> [Task prompt] Within the entries below, please retype exactly the lines starting with the line that has "Welcome to this" and going on through the line that has "From the Messenger/Tradesight_st", but not the pictures.

> [Recorded data]
Content starts

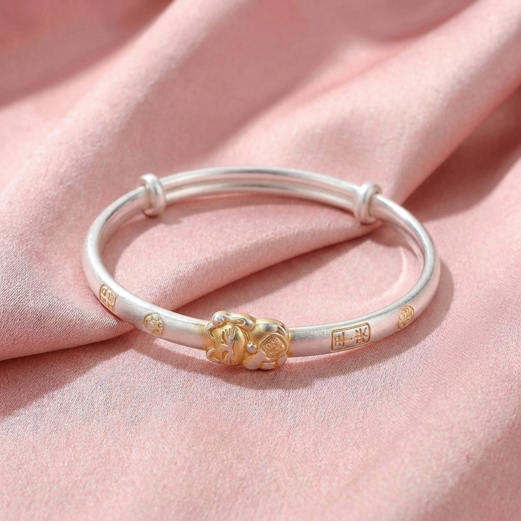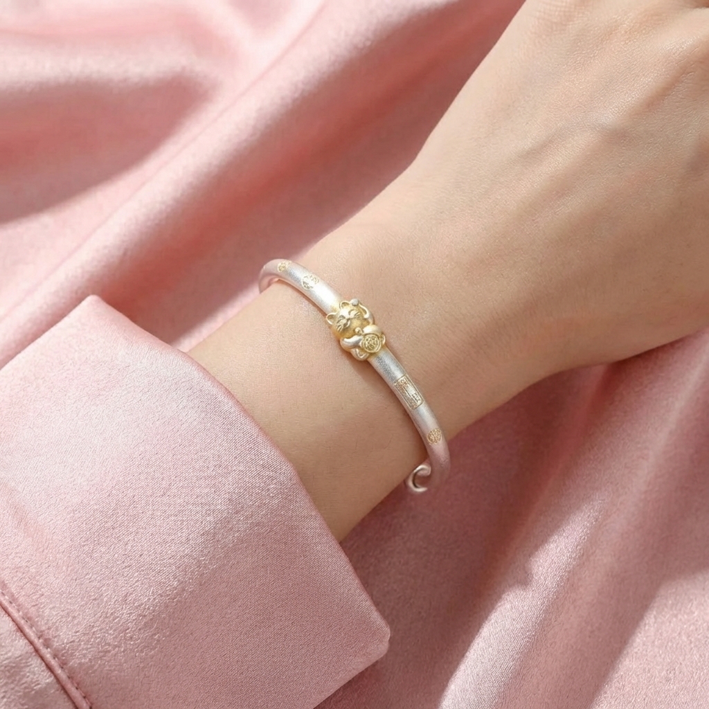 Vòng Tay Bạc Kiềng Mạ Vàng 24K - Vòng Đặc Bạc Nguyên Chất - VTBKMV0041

Content ends
Content starts

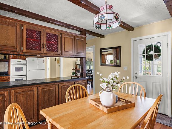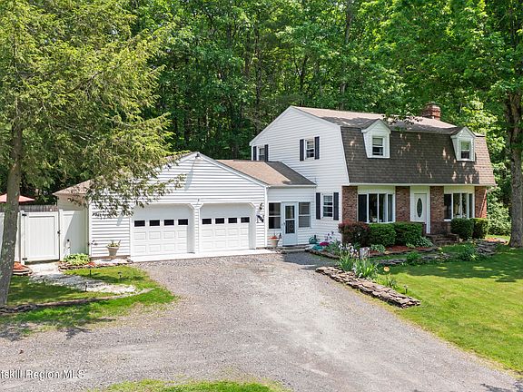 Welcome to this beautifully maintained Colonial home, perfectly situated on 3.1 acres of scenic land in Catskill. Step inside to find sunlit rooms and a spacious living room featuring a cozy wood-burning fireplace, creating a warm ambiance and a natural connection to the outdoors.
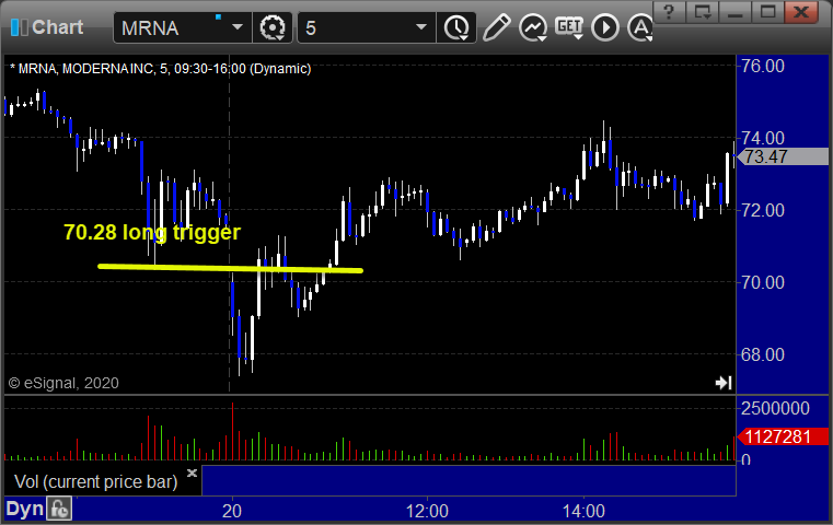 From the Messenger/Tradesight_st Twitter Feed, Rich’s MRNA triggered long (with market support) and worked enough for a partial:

Content ends
Content starts

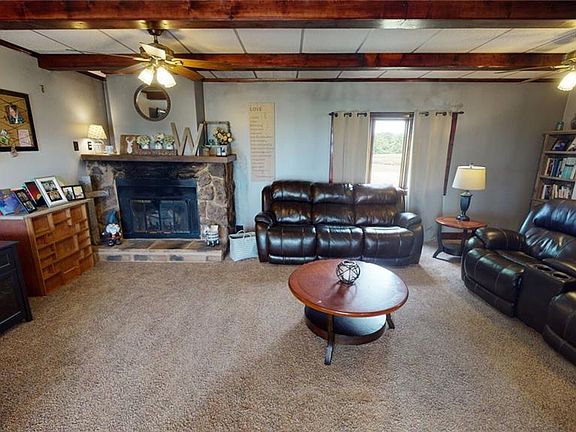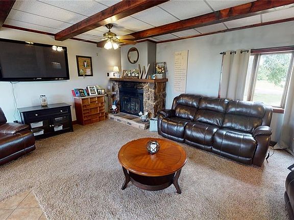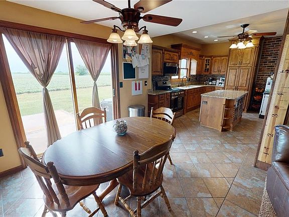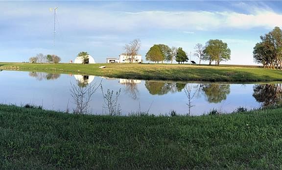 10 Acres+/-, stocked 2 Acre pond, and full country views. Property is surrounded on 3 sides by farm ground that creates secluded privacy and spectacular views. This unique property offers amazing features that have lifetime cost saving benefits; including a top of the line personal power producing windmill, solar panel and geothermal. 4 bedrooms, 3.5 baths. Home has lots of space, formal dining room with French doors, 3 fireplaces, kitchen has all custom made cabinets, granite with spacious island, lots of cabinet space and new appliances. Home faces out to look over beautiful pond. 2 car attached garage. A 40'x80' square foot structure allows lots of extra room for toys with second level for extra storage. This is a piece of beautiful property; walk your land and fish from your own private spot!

Content ends

> [Task output]
 Welcome to this beautifully maintained Colonial home, perfectly situated on 3.1 acres of scenic land in Catskill. Step inside to find sunlit rooms and a spacious living room featuring a cozy wood-burning fireplace, creating a warm ambiance and a natural connection to the outdoors.
 From the Messenger/Tradesight_st Twitter Feed, Rich’s MRNA triggered long (with market support) and worked enough for a partial:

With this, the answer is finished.